### WORK TO COMPLETE
Repeat the records in full. No pictures belong in the copy.

Stored data:

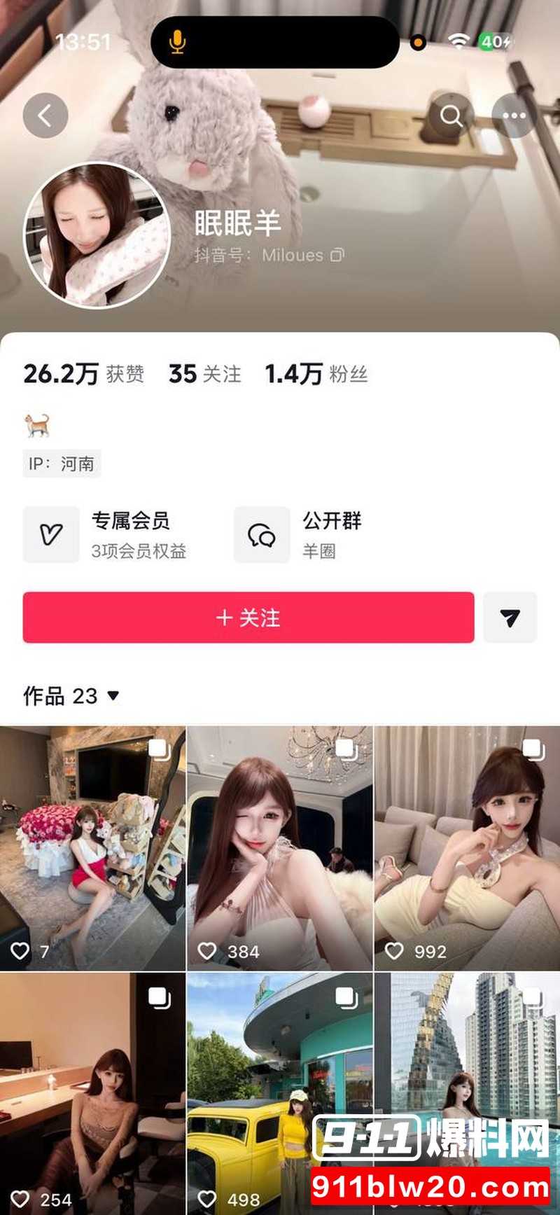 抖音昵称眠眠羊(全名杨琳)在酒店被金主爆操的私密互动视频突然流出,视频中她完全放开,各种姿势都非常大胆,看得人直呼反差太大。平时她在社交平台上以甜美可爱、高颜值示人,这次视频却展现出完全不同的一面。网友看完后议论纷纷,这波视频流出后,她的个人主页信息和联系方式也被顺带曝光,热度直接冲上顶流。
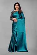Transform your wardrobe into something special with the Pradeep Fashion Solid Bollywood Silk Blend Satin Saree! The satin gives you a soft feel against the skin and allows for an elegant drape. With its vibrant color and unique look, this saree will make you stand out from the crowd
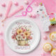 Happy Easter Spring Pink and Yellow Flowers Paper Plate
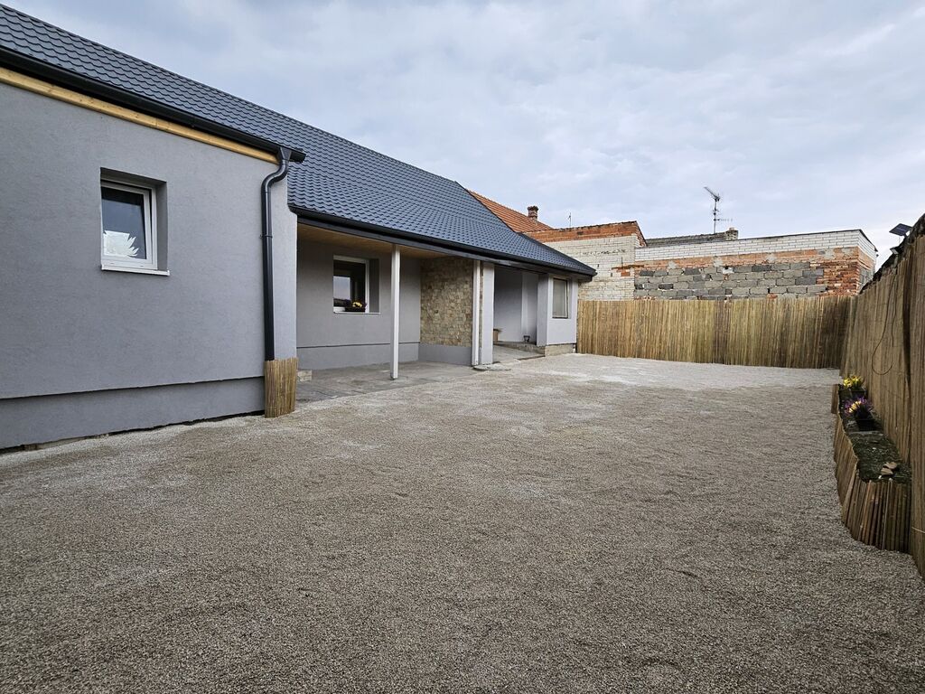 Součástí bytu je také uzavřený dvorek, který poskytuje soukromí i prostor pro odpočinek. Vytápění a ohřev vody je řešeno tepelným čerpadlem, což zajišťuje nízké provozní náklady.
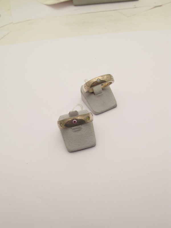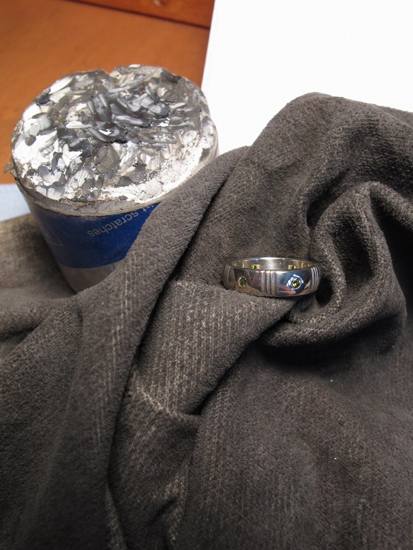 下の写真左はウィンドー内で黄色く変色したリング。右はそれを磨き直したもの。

### TASK RESPONSE
 抖音昵称眠眠羊(全名杨琳)在酒店被金主爆操的私密互动视频突然流出,视频中她完全放开,各种姿势都非常大胆,看得人直呼反差太大。平时她在社交平台上以甜美可爱、高颜值示人,这次视频却展现出完全不同的一面。网友看完后议论纷纷,这波视频流出后,她的个人主页信息和联系方式也被顺带曝光,热度直接冲上顶流。
Transform your wardrobe into something special with the Pradeep Fashion Solid Bollywood Silk Blend Satin Saree! The satin gives you a soft feel against the skin and allows for an elegant drape. With its vibrant color and unique look, this saree will make you stand out from the crowd
 Happy Easter Spring Pink and Yellow Flowers Paper Plate
 Součástí bytu je také uzavřený dvorek, který poskytuje soukromí i prostor pro odpočinek. Vytápění a ohřev vody je řešeno tepelným čerpadlem, což zajišťuje nízké provozní náklady.
 下の写真左はウィンドー内で黄色く変色したリング。右はそれを磨き直したもの。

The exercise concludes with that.